─── RECORDS PROVIDED ───

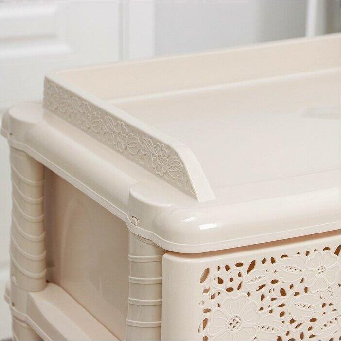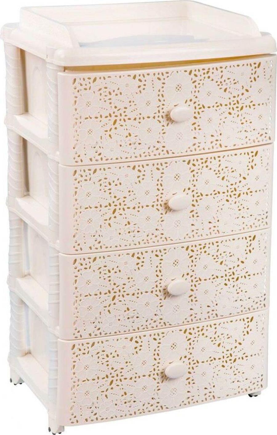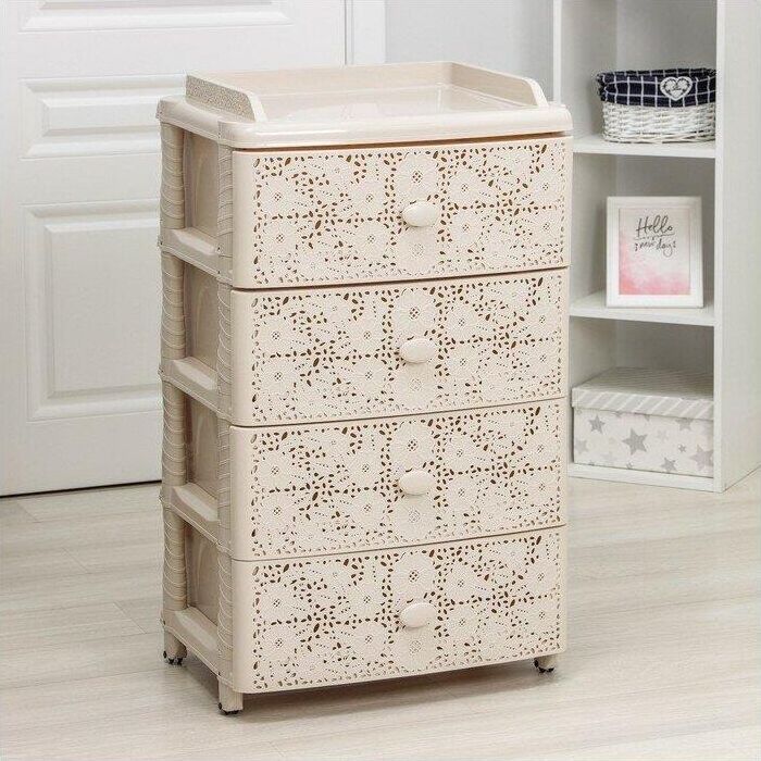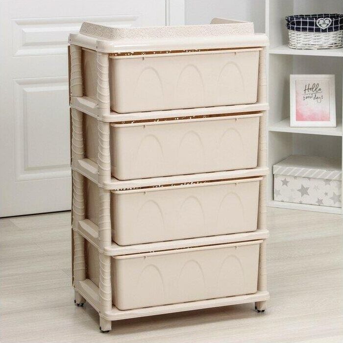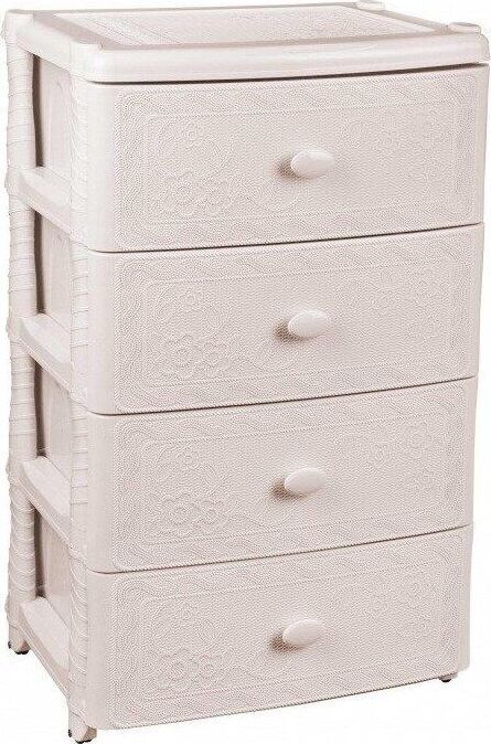 Изделие способно гармонично вписаться в интерьер любой комнаты. Комод произведен из высококачественного и безопасного полипропилена. Комод имеет четыре выдвижных ящика, большой вместимости, в которых будет очень удобно хранить личные вещи и другие принадлежности. Вес 6.2 кг. Размеры изделия (ДхШхВ) 425х560х925 мм.
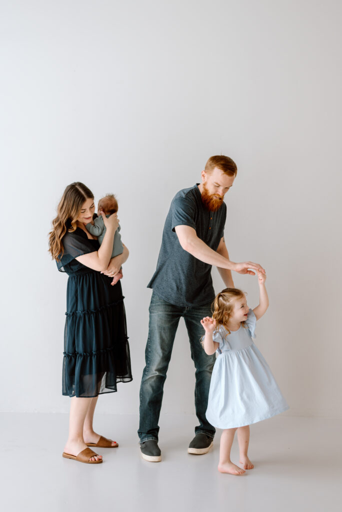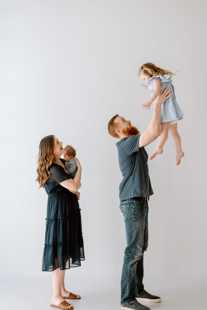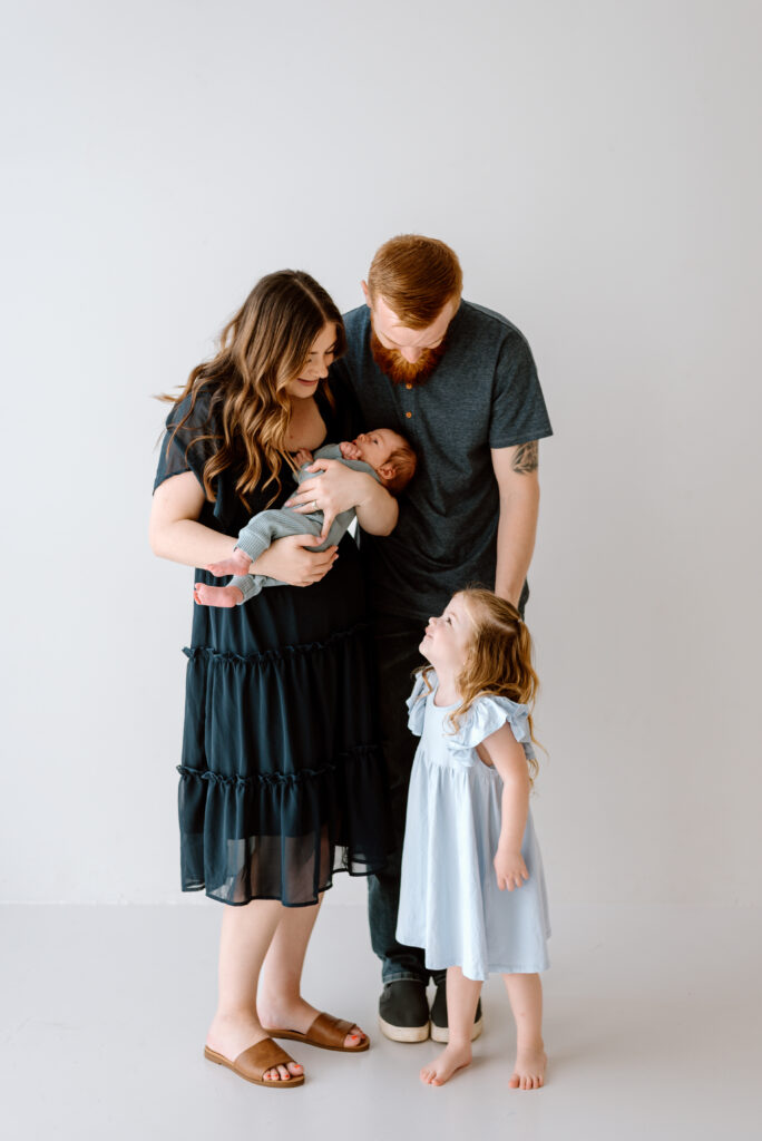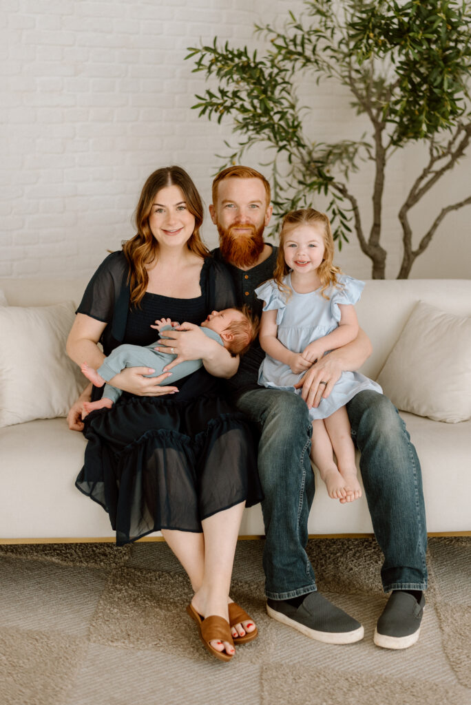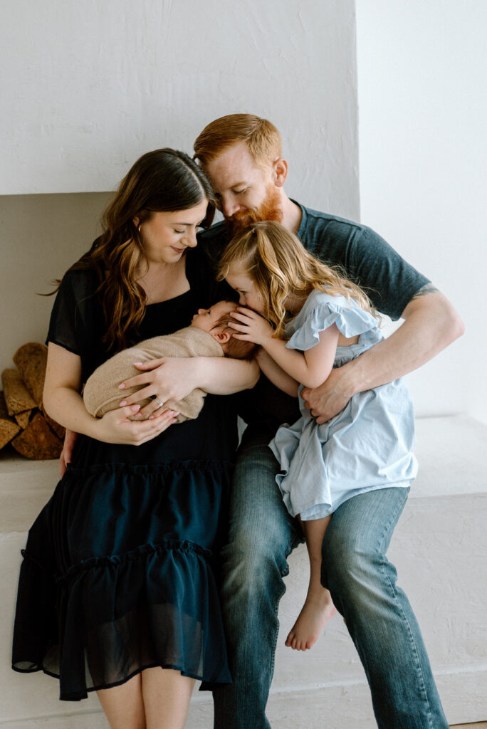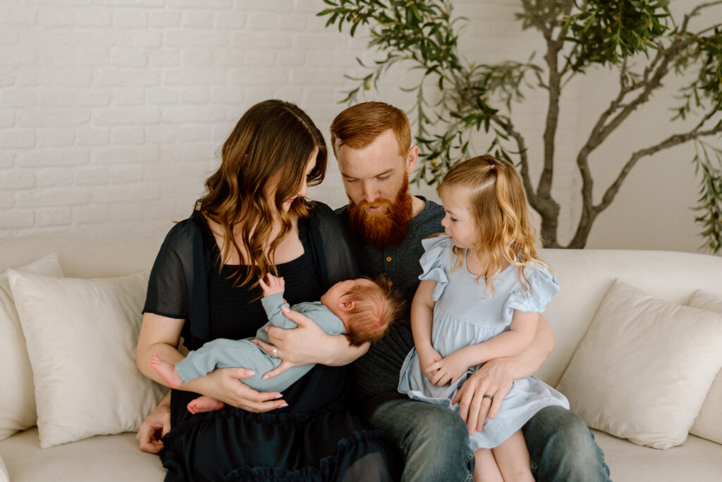 This sweet baby boy joined me at Satori Collective at 5 weeks old, alongside his proud big sister (age 3). The studio’s bright white walls and natural light created the dreamiest backdrop—and this family leaned into it beautifully by choosing shades of blue for their outfits.
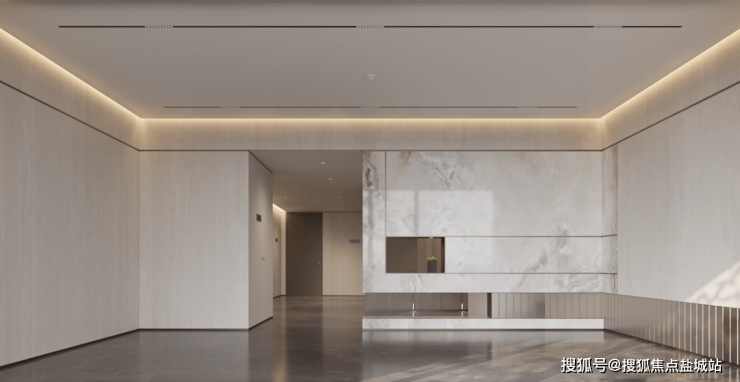 公区大堂选用细腻柔润的云石效果大板背景墙呼应项目现代中式意境,点缀金属造型更显精致,配置酒店式入户门牌凸显归家仪式感。首层及地下大堂墙身采用1200*2400的仿洞石岩板,使得空间更加简洁高级,搭配仿木质材料造型,细节上为业主带来家的温度,集合发光标识及地面标识系统,提升小区品质。
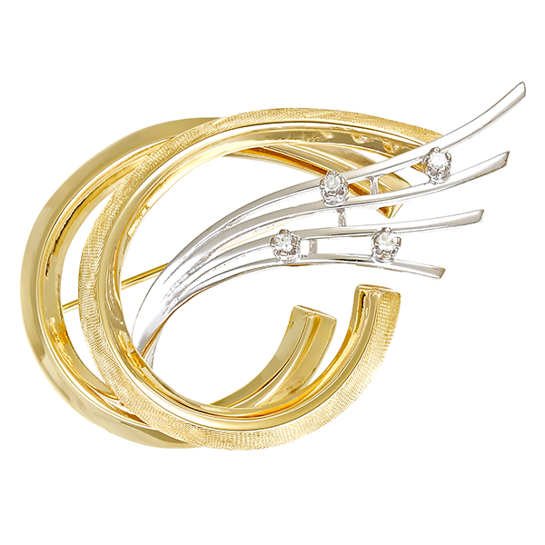 Brosche, 14K, Gelb-/Weißgold, Diamanten
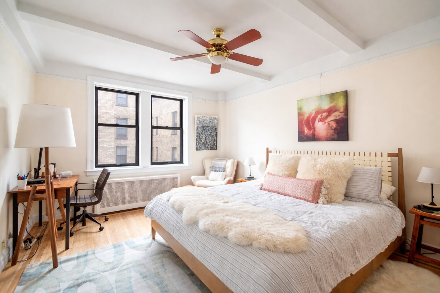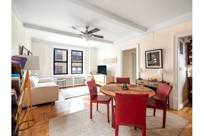 A rare opportunity in the heart of Lincoln Square, this inviting and well-proportioned one-bedroom offers classic Upper West Side charm just moments from Central Park. With a bright southern exposure, the home is filled with natural light and showcases beautifully preserved prewar details, including beamed ceilings nearing nine feet and multiple oversized windows that enhance the sense of space.

───

Reproduce precisely the lines of the listing above, from the line containing "This sweet baby" to the last line, both ends included. Pictures are to be omitted.

 This sweet baby boy joined me at Satori Collective at 5 weeks old, alongside his proud big sister (age 3). The studio’s bright white walls and natural light created the dreamiest backdrop—and this family leaned into it beautifully by choosing shades of blue for their outfits.
 公区大堂选用细腻柔润的云石效果大板背景墙呼应项目现代中式意境,点缀金属造型更显精致,配置酒店式入户门牌凸显归家仪式感。首层及地下大堂墙身采用1200*2400的仿洞石岩板,使得空间更加简洁高级,搭配仿木质材料造型,细节上为业主带来家的温度,集合发光标识及地面标识系统,提升小区品质。
 Brosche, 14K, Gelb-/Weißgold, Diamanten
 A rare opportunity in the heart of Lincoln Square, this inviting and well-proportioned one-bedroom offers classic Upper West Side charm just moments from Central Park. With a bright southern exposure, the home is filled with natural light and showcases beautifully preserved prewar details, including beamed ceilings nearing nine feet and multiple oversized windows that enhance the sense of space.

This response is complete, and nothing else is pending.